Затем разбавьте биотин лямбда-ДНК клонированными мотивами с помощью буфера BSA и вводите его четыре раза медленно с пятиминутными интервалами. Во время инъекции включите микроскоп в научной дополнительной полупроводниковой системе оксида металла. Затем промыть трубку 10 миллилитрами двойной дистиллированной воды и промыть призму и соединитель трубки водой, 2% жидким очистителем кюветы и 99% этанолом.
Затем наберите не менее 20 миллилитров буфера визуализации в шприц объемом 30 миллилитров. Настройте проточную ячейку на ступень микроскопа и подключите ее к микрофлюидной системе. Используя скорость потока 0,03 миллилитра в минуту, смывайте молекулы ДНК к барьеру в течение 10 минут.
Затем выключите микрофлюидную систему и высиживайте в течение 30 минут. с прекращением потока, позволяя ДНК диффундировать латерально. Чтобы получить изображение конденсации EWS-FLI1 на завесах ДНК, откройте программное обеспечение для визуализации и найдите и отметьте положения девяти зигзагообразных узоров под ярким полем.
Затем включите поток со скоростью 0,2 миллилитра в минуту, чтобы окрасить ДНК двухцепочечным красителем ДНК в течение 10 минут. Далее разбавляют белок mCherry EWS-FLI1 буфером визуализации в концентрации 100 наномолей в 100 микролитрах. Затем загрузите образец белка через клапан со стеклянным шприцем 100 микролитра и измените скорость потока до 0,4 миллилитра в минуту.
После включения 488-нанометрового лазера предварительно сканируйте каждую область, чтобы проверить состояние распределения ДНК и выбрать область, в которой молекулы ДНК распределяются равномерно. Затем установите мощность лазера на 10% для 488-нанометрового лазера и 20% для 561-нанометрового лазера. А с помощью измерителя мощности измерьте реальную мощность лазера вблизи призмы.
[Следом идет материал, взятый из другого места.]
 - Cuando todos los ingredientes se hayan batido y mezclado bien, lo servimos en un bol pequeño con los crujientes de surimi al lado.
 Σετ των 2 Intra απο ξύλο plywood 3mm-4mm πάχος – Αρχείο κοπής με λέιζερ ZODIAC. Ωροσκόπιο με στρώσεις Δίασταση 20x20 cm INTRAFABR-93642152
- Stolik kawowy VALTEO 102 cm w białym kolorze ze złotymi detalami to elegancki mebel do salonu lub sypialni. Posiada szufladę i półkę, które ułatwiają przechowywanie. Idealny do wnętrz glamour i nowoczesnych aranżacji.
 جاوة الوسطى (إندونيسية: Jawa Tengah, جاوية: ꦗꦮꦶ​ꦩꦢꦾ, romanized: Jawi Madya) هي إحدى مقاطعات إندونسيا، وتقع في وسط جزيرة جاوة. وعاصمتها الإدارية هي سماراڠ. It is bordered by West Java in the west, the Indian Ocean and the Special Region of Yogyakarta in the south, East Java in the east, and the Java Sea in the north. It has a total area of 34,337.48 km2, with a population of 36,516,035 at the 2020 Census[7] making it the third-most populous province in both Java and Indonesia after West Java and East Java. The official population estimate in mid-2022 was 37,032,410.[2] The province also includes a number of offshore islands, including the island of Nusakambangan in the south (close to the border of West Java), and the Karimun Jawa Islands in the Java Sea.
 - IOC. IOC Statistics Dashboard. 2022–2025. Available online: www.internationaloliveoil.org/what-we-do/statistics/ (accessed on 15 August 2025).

Начните получать изображения с интервалом в две секунды с помощью 488 и 561 нанометровых лазеров одновременно. Затем переключите клапан с ручного режима на режим впрыска, чтобы буфер визуализации смывал образец белка в проточную клетку через 60 секунд. Чтобы удалить свободный EWS-FLI1, продолжайте промывать проточную ячейку буфером визуализации в течение пяти минут, включив только 561-нанометровый лазер.
Затем остановите течение и высиживайте при 37 градусах Цельсия в течение 10 минут. Через 10 минут включите поток со скоростью 0,4 миллилитра в минуту, чтобы позволить ДНК расширяться и получать изображения с интервалом в две секунды между различными кадрами для получения данных о высокой пропускной способности образования конденсата EWS-FLI1. Молекулы EWS-FLI1 были визуализированы путем обнаружения сигналов EWS-FLI1, помеченных mCherry, полученных с помощью 561-нанометрового лазера.
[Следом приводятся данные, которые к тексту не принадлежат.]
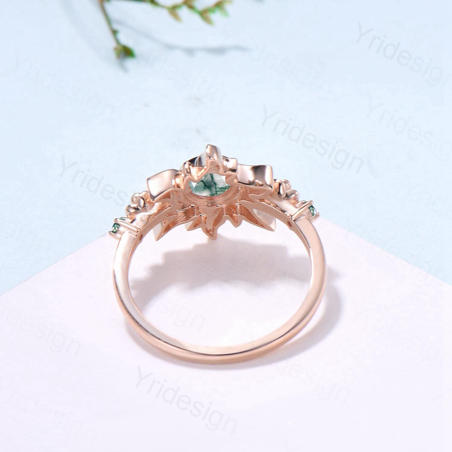 Unique Sunflower Moss Agate Engagement Ring 14K Rose Gold Garden Floral Tiny Rose Accents Nature Inspired Floral Anniversary Ring for Women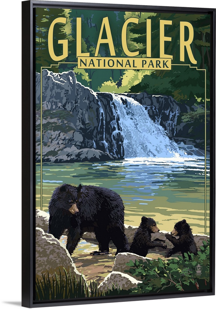 <p>Glacier National Park, Bear Family and Waterfall</p>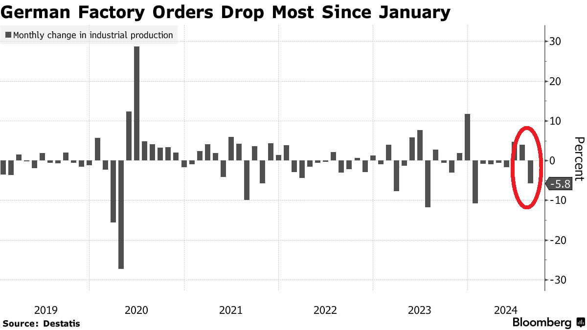 欧洲经济正在走弱。德国工厂订单出现自1月份以来的最大降幅,8月工业订单环比下降5.8%,降幅低于预期,是今年以来第二大降幅。全球第三大经济体仍有望连续第二年出现GDP萎缩。Europe's economy is weakening. German factory orders have experienced their largest decline since January, with industrial orders dropping by 5.8% month-over-month in August, which is lower than estimated and marks the second-biggest decline this year. The world's third-largest economy is still on track for a second consecutive year of GDP contraction.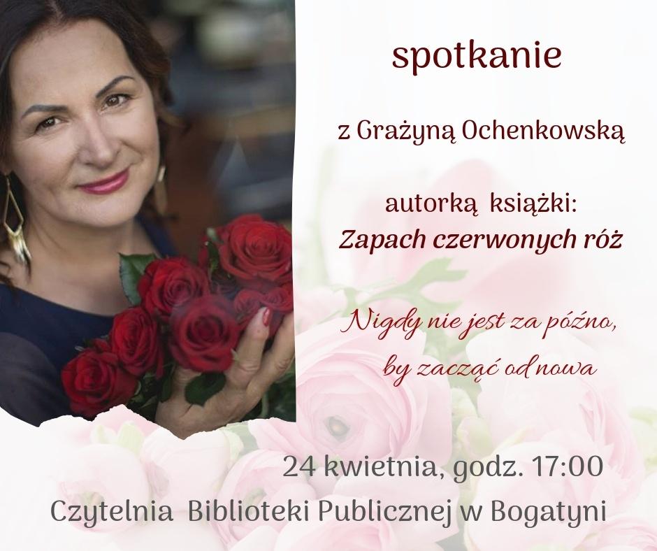 Biblioteka Publiczna Miasta i Gminy w Bogatyni oraz Elżbieta Kalwasińska zapraszają na spotkanie z Grażyną Ochenkowską autorką książki pt. "Zapach czerwonych róż", które odbędzie się 24 kwietnia 2019 r. o godz. 17:00 w Czytelni biblioteki.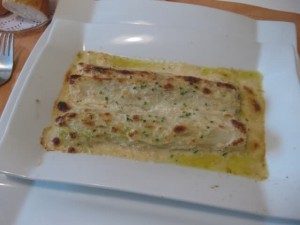 - Finalmente, solo queda montar el plato: ponemos en un plato una capa de berenjena, y encima los puerros gratinados, para terminar con la salsa, y volver a dar otro golpe de horno.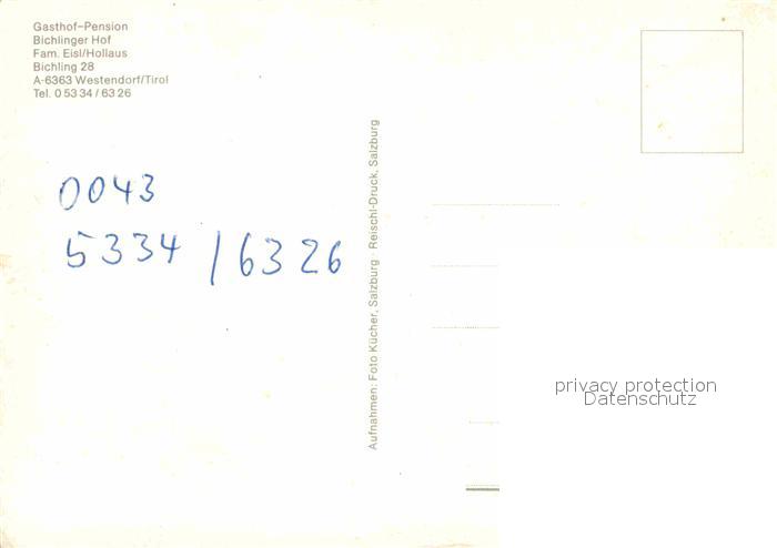 12757693 Westendorf Tirol Gasthof Pension Bichlinger Hof postalisch nicht gelaufen Erhaltung siehe scans [AndreD76] KatCode: 11390335070420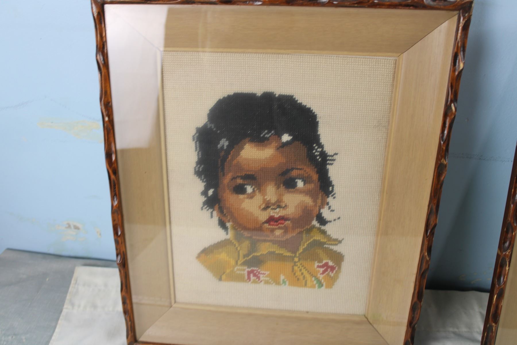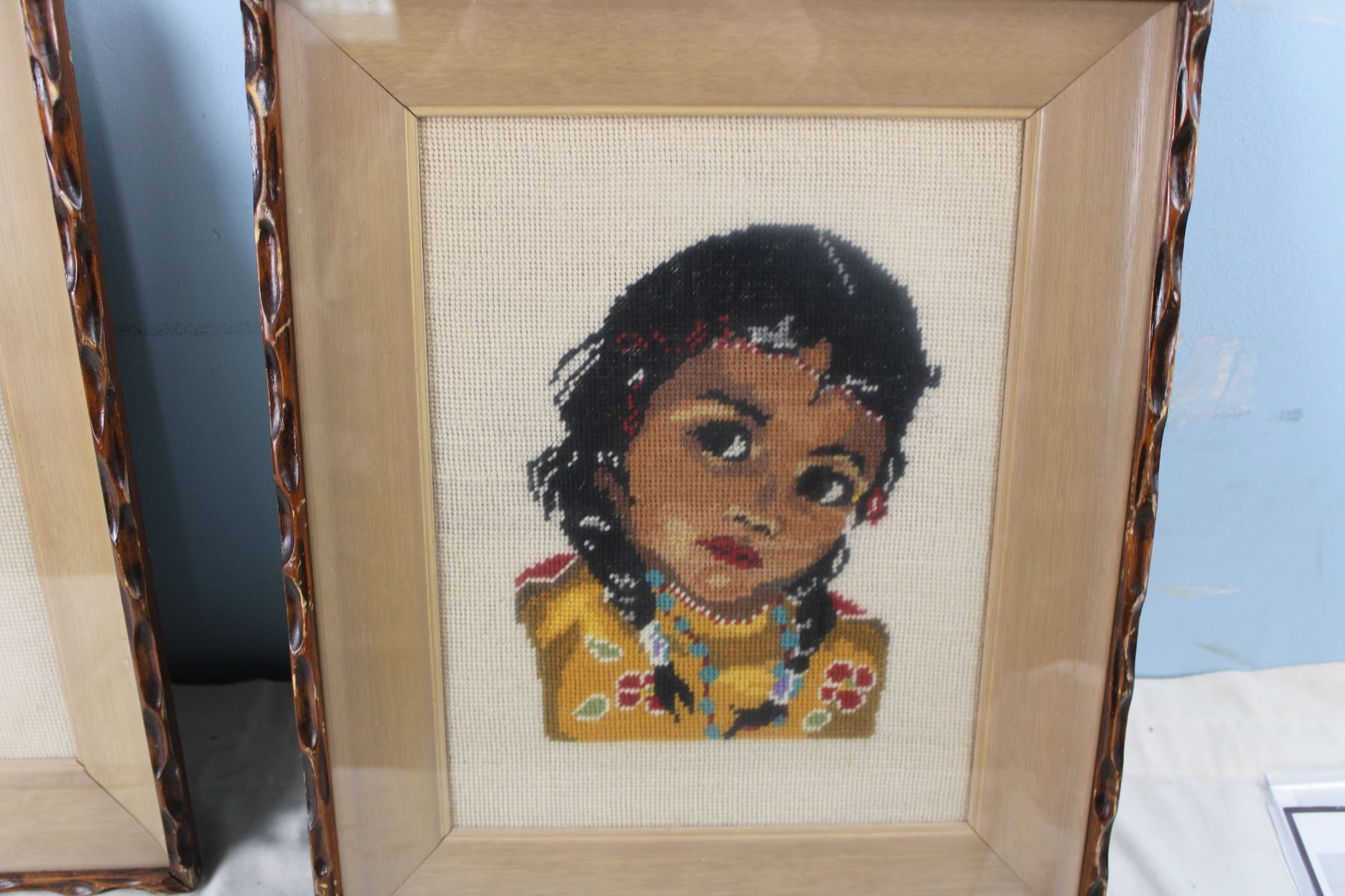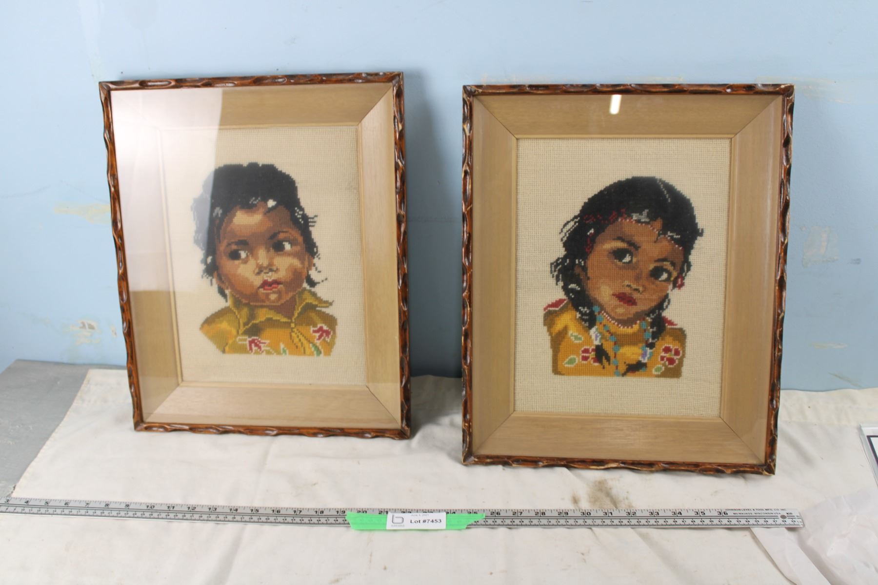 (2X THE MONEY) Native Children Needlework Pictures (14.5" x 18")

Образование in vitro конденсата EWS-FLI1 в месте 25 повторов GGAA в субстрате ДНК может быть непосредственно визуализировано. Специфичность mCherry EWS-FLI1, используемого в ДНК-занавесках, была подтверждена электрофоретическим анализом сдвига подвижности с использованием шаблона ДНК с 25 повторами GGAA и без них отдельно. Когда концентрация EWS-FLI1 была титрована от 20 до 500 наномолей, интенсивность EWS-FLI1 резко возросла.
В то время как изменение интенсивности FLI на одну DBD было незначительным, когда белки были насыщены для покрытия повторов GGAA, предполагая, что EWS-FLI1 образовывал конденсаты на ДНК. Инъекция должна быть очень медленной и мягкой, чтобы липосомы и ДНК могли равномерно распределяться по проточной клетке. Важно выполнить MSA, чтобы подтвердить, что очищенный транскрипционный фактор специфически связывается с целевой последовательностью in vitro.
Этот метод позволяет людям исследовать, будет ли конденсат облегчать целевой поиск факторов транскрипции и его влияние на транскрипцию.